So everyone knows, the term Natural User Interface was originated by 
Apple to describe the iphone and the similar hardware that was to 
follow.  It wasn't anything I originated myself.

On Mon, 30 Jan 2012, Tim Cross wrote:

> Hi All,
> 
> the CLI versus GUI approaches are an interesting topic. Often, it is
> difficult to step outside our on personal preferences and experiences
> and understand the complexity of the vast scope of differing
> requirements. I am very cautious when reading any claim that X is
> inaccessible or Y is more accessible because they often fail to
> clearly identify the type of user under consideration.
> 
> I use both interfaces. However, until a few months back, when I was
> lucky enough to get an operation which restored some sight, I was
> often frustrated by the GUI interface because it was difficult to
> follow the 'model' the interface used. There were insufficient
> non-visual clues or hints. Sometimes, in an attempt to either address
> weaknesses in existing approaches or to push the boundaries of GUI
> interface design, developers will use GUI interfaces techniques in a
> different manner. This creates a more unfamiliar interface that can be
> different enough to be very confusing for those without sight.
> Existing mental pictures of how it all hangs together break down and
> without additional clues, it can be very difficult to work out what
> the new model is.
> 
> I've done considerable work as a sys admin and know that no matter
> what the environment is, all sys admins need to operate at the CLI
> level from time to time. They cannot just survive with a GUI
> interface. On the other hand, I watch my partner and the kids struggle
> with the CLI interface. They can survive with the GUI, but get
> frustrated and lost with the CLI. At the same time, the sort of things
> they want to do are easily catered for by existing GUI interfaces.

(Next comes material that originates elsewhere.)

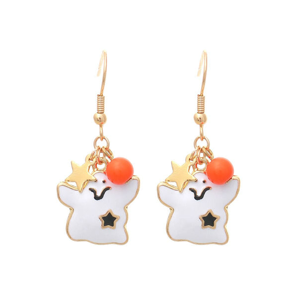 Gold Metal Fish Hook Earrings Featuring White Epoxy Metal Halloween Ghost with Black Star and Charm Details. Earrings measure .7 inches wide.

> When they need to step outside their comfort zone, they are frequently
> confused and frustrated because the ability of the GUI begins to
> degrade once you move off well defined and catered for requirements.
> 
> My biggest frustration with the GUI interface is the common 'dumbing
> down' of GUI based tools. Often, this is done to enable a cleaner and
> easier to use and maintain GUI. It works well while what you need to
> do fits within the preconceived functionality of the designers.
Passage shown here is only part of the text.